What the task requires: Please give the whole listing again exactly, without any of its pictures.

Given information:
┄┄┄┄┄┄┄┄┄┄┄┄┄┄┄┄┄┄┄┄

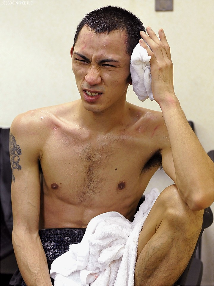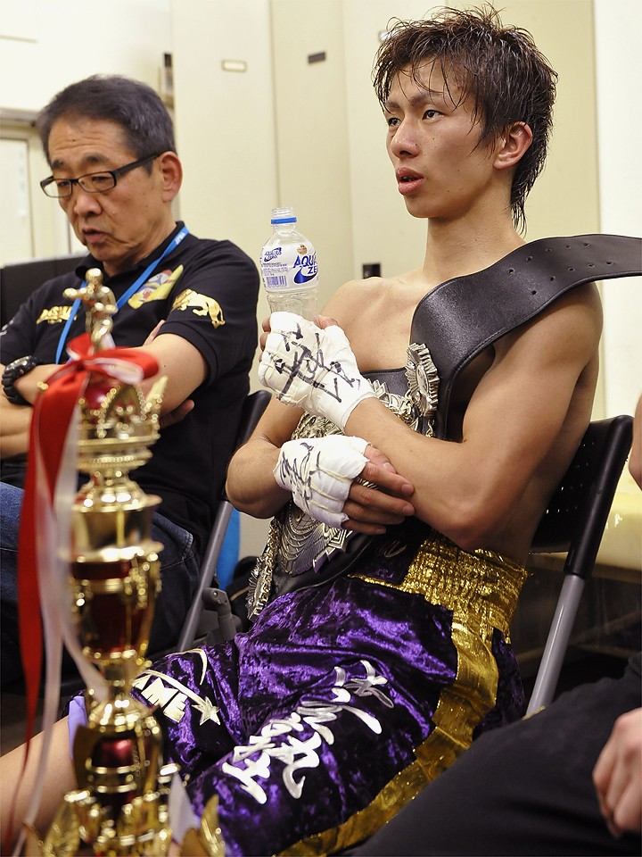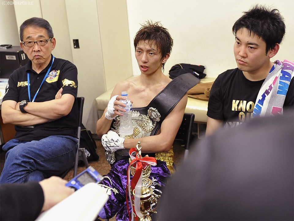 切れ味抜群の右ストレートで知念からポイントを奪い、日本ライトフライ級タイトルを奪取した田口が控え室で会見を開いた。「ボディが打ち難かった。あまりボディが打てず、カウンターを警戒しすぎたことを反省している。知念選手の左フックは見えていたし、集中を切らさず戦えたのは良かった(笑)。内山さんのボクシングを参考にしているし、自分のスタイルを貫けば勝てると思い戦った」と試合を振り返った。
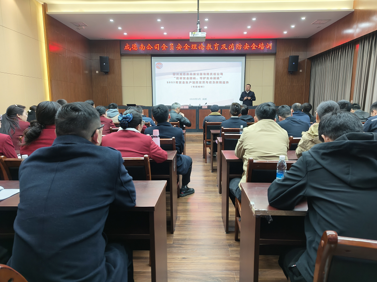 为深入贯彻落实《中华人民共和国安全生产法》及四川省安全生产工作部署,进一步强化全员安全责任意识,提升应急处置能力,3月28日,成德南公司组织开展2025年全员安全理论教育及消防安全培训。公司领导班子成员、各部门及管理处负责人、职工代表、安全环保部全体人员、路安科及路产管护大队负责人、全体兼职安全员等共计50余人参训。
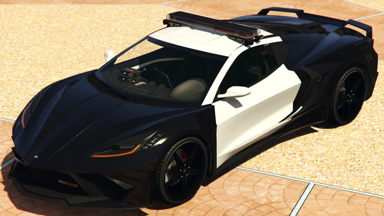設計理念:豔婦 D10 的警用版,基本參照了現實中的克爾維特 C8,靈感應該是來自 Aksyonov Nikita 創作的科爾維特C8警車渲染圖,以及一些現實中的科爾維特警用攔車模型。
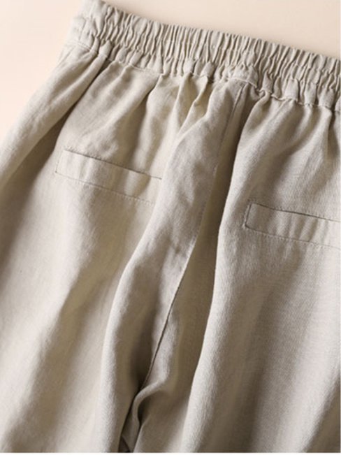 - Beige Maxi Loose Slow Life Strappy Plain Pants (Style V102426)

┄┄┄┄┄┄┄┄┄┄┄┄┄┄┄┄┄┄┄┄

Answer area:
 切れ味抜群の右ストレートで知念からポイントを奪い、日本ライトフライ級タイトルを奪取した田口が控え室で会見を開いた。「ボディが打ち難かった。あまりボディが打てず、カウンターを警戒しすぎたことを反省している。知念選手の左フックは見えていたし、集中を切らさず戦えたのは良かった(笑)。内山さんのボクシングを参考にしているし、自分のスタイルを貫けば勝てると思い戦った」と試合を振り返った。
 为深入贯彻落实《中华人民共和国安全生产法》及四川省安全生产工作部署,进一步强化全员安全责任意识,提升应急处置能力,3月28日,成德南公司组织开展2025年全员安全理论教育及消防安全培训。公司领导班子成员、各部门及管理处负责人、职工代表、安全环保部全体人员、路安科及路产管护大队负责人、全体兼职安全员等共计50余人参训。
設計理念:豔婦 D10 的警用版,基本參照了現實中的克爾維特 C8,靈感應該是來自 Aksyonov Nikita 創作的科爾維特C8警車渲染圖,以及一些現實中的科爾維特警用攔車模型。
 - Beige Maxi Loose Slow Life Strappy Plain Pants (Style V102426)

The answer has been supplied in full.